Defendant was charged with consensual sodomy (Penal Law, § 130.38). He contended below that the consensual sodomy statute as defined by subdivision 2 of section 130.00 of the Penal Law was unconstitutional in that it denied him equal protection of the law in that it excepted persons married to each other from prosecution under this section. The lower court agreed with defendant’s contention (80 Misc 2d 511).

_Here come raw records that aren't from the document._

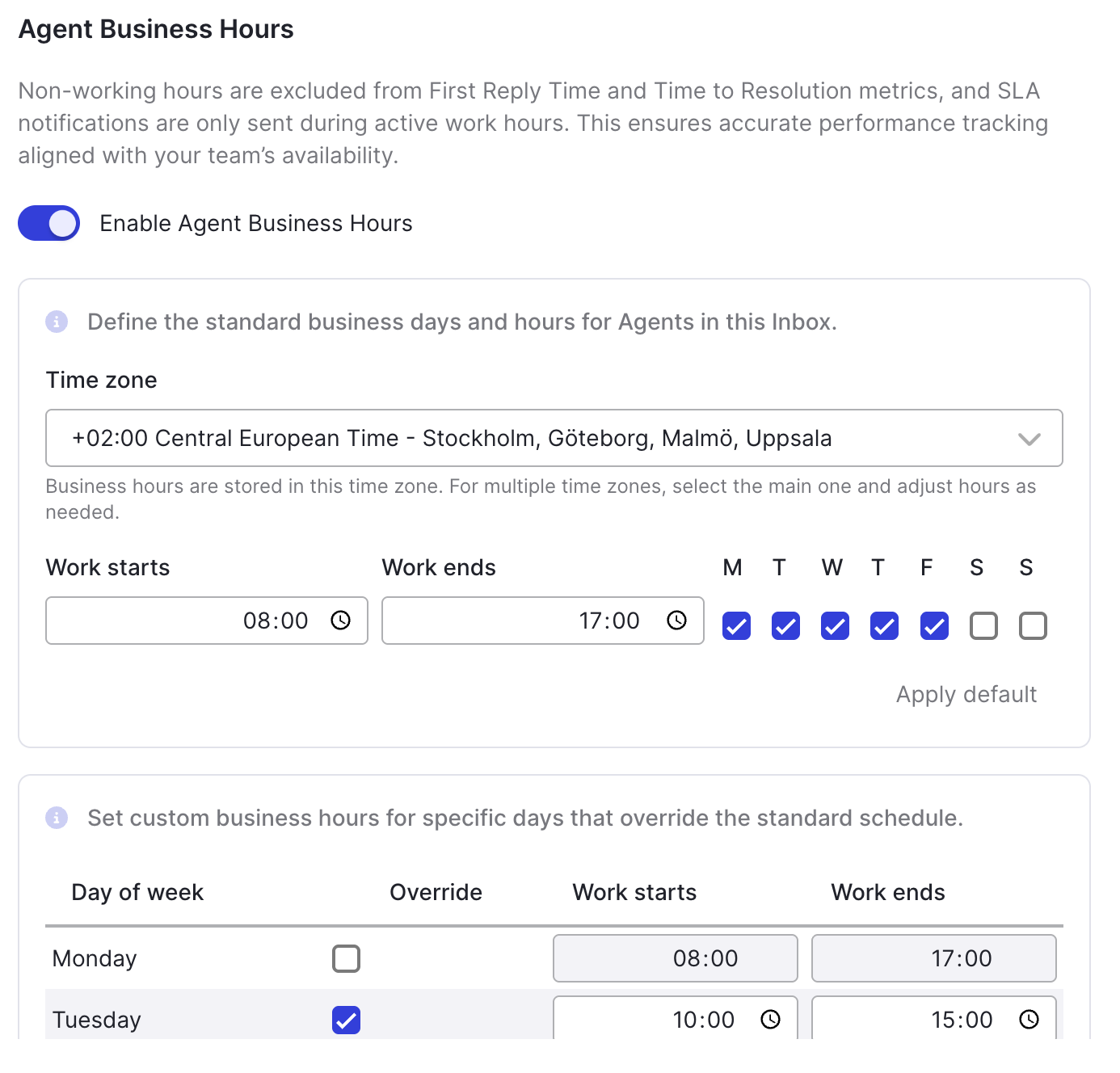 Each inbox can be configured with business hours for your Agents:&#x20;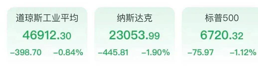 当地时间11月6日,美股三大指数集体收跌,纳指跌1.9%,标普500指数跌1.12%,道指跌0.84%。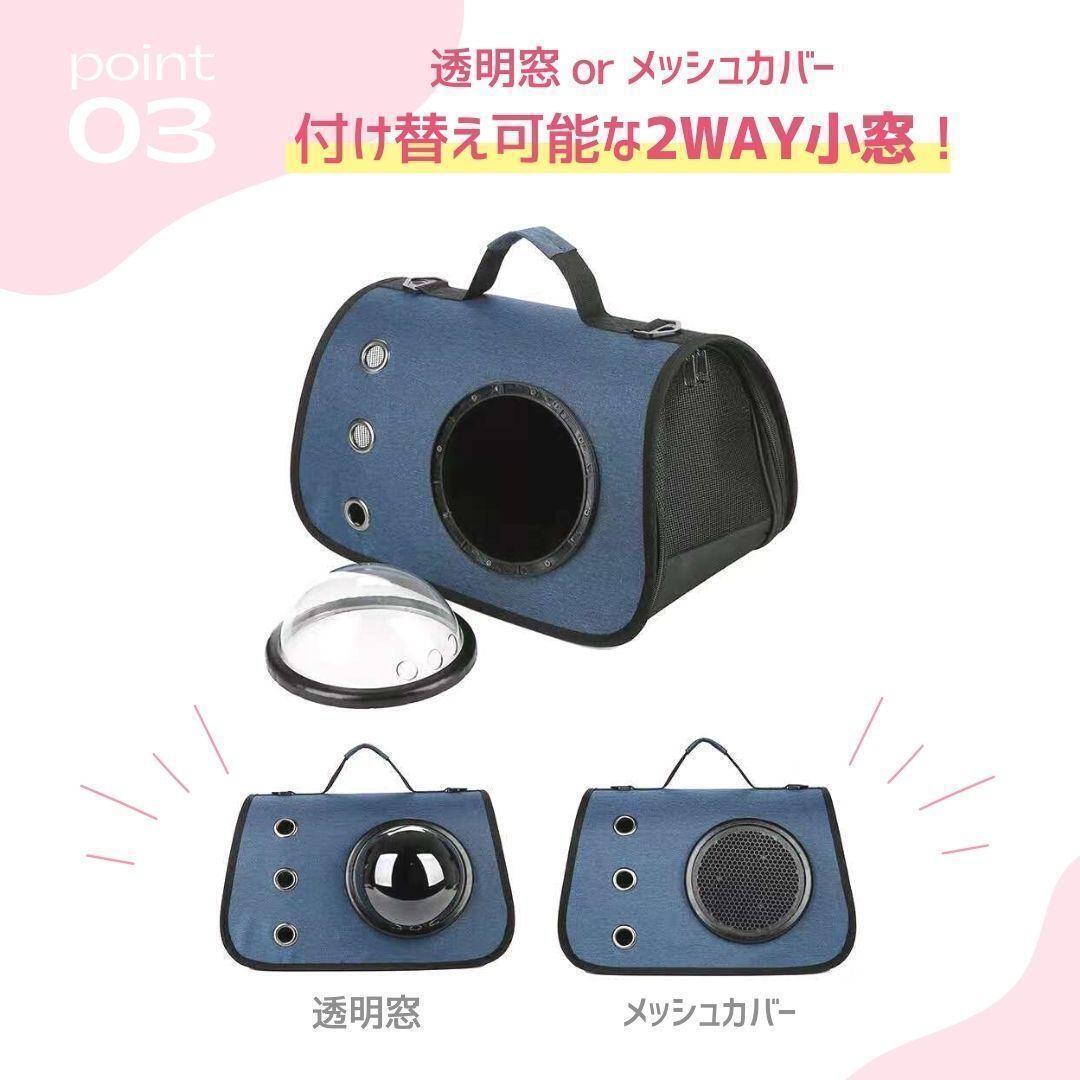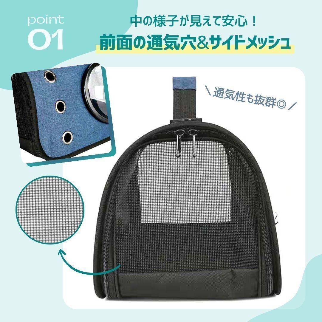 両面にメッシュデザインが施され、正面の透明カップセルは空気をうまく循環させ、猫、犬に通気性の良い空間を造り出します。

It is the opinion of this court that defendant has standing to attack the constitutionality of the statute since under the facts as presented, he had a right to an expectation of privacy (see Smayda v United States, 352 F2d 251). States have always had the right and power to regulate sexual conduct in order to promote the health, safety and morals of their inhabitants, and while the statute in question could have prohibited consensual sodomy in its entirety, it merely included within the definition of "deviate sexual intercourse” the exception which would have been required in any case under the decision in Griswold v Connecticut (381 US 479). Eisenstadt v Baird (405 US 438) does not require any extension of the right to privacy to unmarried couples regarding the issue of sodomy. Eisenstadt merely extended the right of an unmarried person to have contraceptives made available to her based on her fundamental right to decide whether to bear or beget a child. No case has been reported or cited by defendant which would recognize a fundamental right to commit consensual sodomy. The only exception to the New York statute has been mandated by the Griswold decision based on the privacy attached to the marital relationship. Without this requisite base, to wit: marriage, there can be no exception under the rationale of Griswold.
Concur: Glickman, P. J., Pittoni and Gagliardi, JJ.